A clever man’s guide to escaping love treaties with women

By PETER WANYONYI

The International Criminal Court is all over the news, for obvious reasons. All news organisations in the land seem to have abandoned their common sense and decamped to cold, faraway Europe to cover trials at The Hague. This is a shame, because there is so much more to cover right here at home. For one, there is the Kenya Marriage Bill, a draconian piece of legislation and a danger for every man anywhere within the borders of this lovely republic. It seeks to replace the Marriage Act of 2008, which was not a bad law, all considered.

The Marriage Bill begins quite innocently, by expressly allowing polygamy and stating that all a man needs to do is give the consent of his existing spouse(s) before being allowed to marry another. But things are not that simple.

Patriarch

Which Kenyan wife will happily and willingly give her consent to share her man? The drafters of this bill must have been high on busaa when they thought it up.

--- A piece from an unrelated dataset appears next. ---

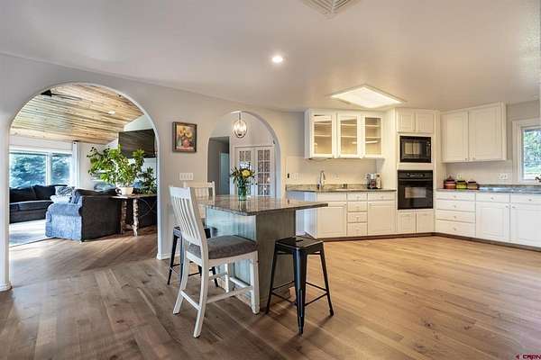 Greta Gibb, Paonia Realty LLC, C: 970-270-3311, greta@paoniarealty.com, www.crenmls.com: Welcome to your own private Eden with panoramic mountain views on Pitkin Mesa. This recently renovated 4,200+ square foot home offers 4 bedrooms and 4 bathrooms, nestled on 2.5 acres of lush landscape with mature trees and abundant fruit. The setting is nothing short of breathtaking--every window frames a unique view worthy of a painting.Thoughtful upgrades blend quality and comfort throughout the main level, including quarter-sawn red oak hardwood floors, tile, carpet, granite and quartz countertops, updated cabinets, new appliances, and modern bathroom fixtures. Vaulted ceilings finished in pine beetle blue tongue-and-groove add warmth and character throughout the home.The master suite is a true retreat, featuring its own private deck, a generous walk-in closet, and a luxurious bathroom complete with a soaking tub.A spacious garden-level apartment with a separate entrance offers flexibility for guests, rentals, or multi-generational living. Comfort is ensured year-round with two evaporative coolers, radiant heat, and a cozy wood-burning fireplace. The fresh Pitkin Mesa Domestic Water comes from springs on the Grand Mesa.For all your storage and hobby needs, the oversized two-car garage is complemented by a large storage room and a separate shed with a full foundation and electricity--ideal for a workshop or additional storage.Enjoy stunning views from the partially covered deck with additional awnings if desired along with its own ceiling fan for warm summer days. The property is irrigated by a Rainbird sprinkler system using ditch water, keeping the landscape thriving with ease.A decorative high fence encircles the entire property, paired with an automatic solar gate for security and convenience. The resident dogs love romping safely throughout the property. Just minutes from town yet perfectly tucked away for peace and privacy, this pristine, park-like property offers the best of both worlds. Wake up each day in gratitude, surrounded by beauty and serenity.*One bedroom is non-conforming.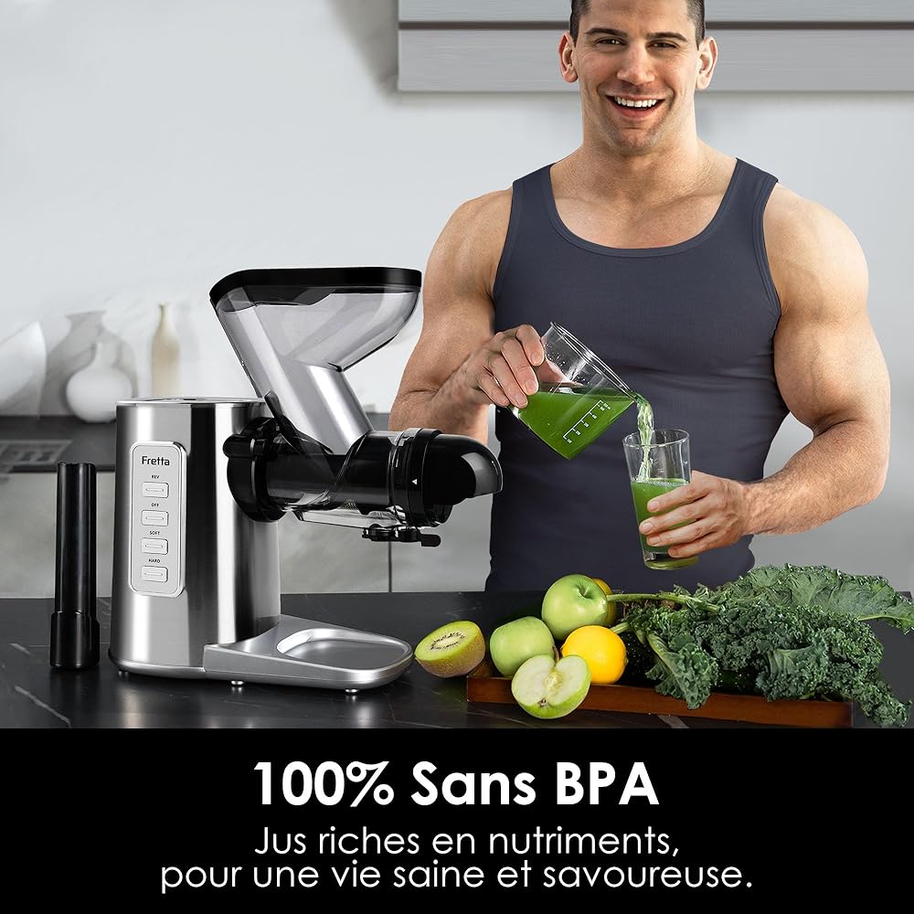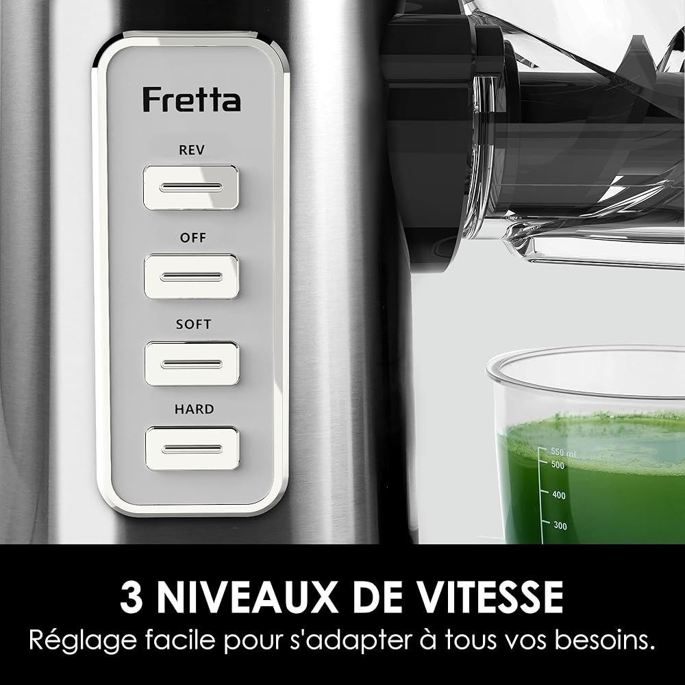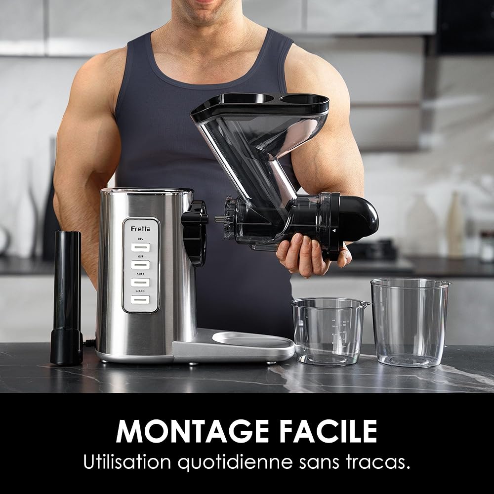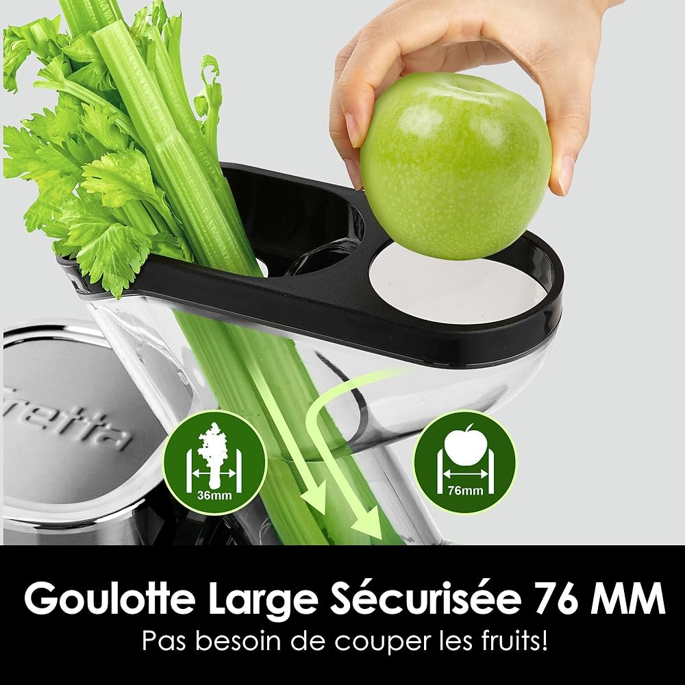 Fretta Extracteur de Jus à Froid avec Large Goulotte 76mm, Sans BPA & Corps en acier inoxydable, Extraction Lente pour Maximum de Nutriments, Facile à Nettoyer : Cuisine et Maison

And who says only men should be allowed to marry many wives?

The day after the bill becomes law, women will go to court and sue for being discriminated against — because they, too, would love to have the option of having multiple partners. And why not?

Since time immemorial, men have used the ‘marriage’ word to help smooth relations with the opposite sex. Old man Abraham, the Biblical Patriarch, is reported — perhaps apocryphally, none of us knows for we were not there — to have strategically dangled ‘marriage’ before the Egyptian hand-maiden Hagar. She happily gave him a son, Ishmael. Of course, when he realised the ‘marriage’ word had gone to the poor lass’ head, he had his wife Sarah chase her away. The bill makes this criminal.

If it becomes law, it is a crime — punishable by a prison term of five years and a fine of a million shillings — to even utter the word ‘marriage’ to a woman and then not marry her!

Men, like all humans, are given to a little lying here, a bit of misrepresentation there. Too bad. Text messages sent by mobile phone are now court evidence — if an enemy wants to sink a man, all they have to do is grab the man’s phone and send ‘Marry me?’ to some lady somewhere.

It helps — but doesn’t really matter — if the lady in question is single and looking. But the bill goes even further — it criminalises any celebration of a marriage without the required number of witnesses.

Surely? How many men have picked a lady out of a bar one beer-drenched night, celebrated in all sorts of ways with her but without witnesses, and decided she is the one, mara hiyo hiyo? Granted, ‘celebrating’ here probably means some legal stuff involving vows and all.

But given that the bill envisions marriage as any interaction between a man and a woman pretty much, who is to say what is not a marriage?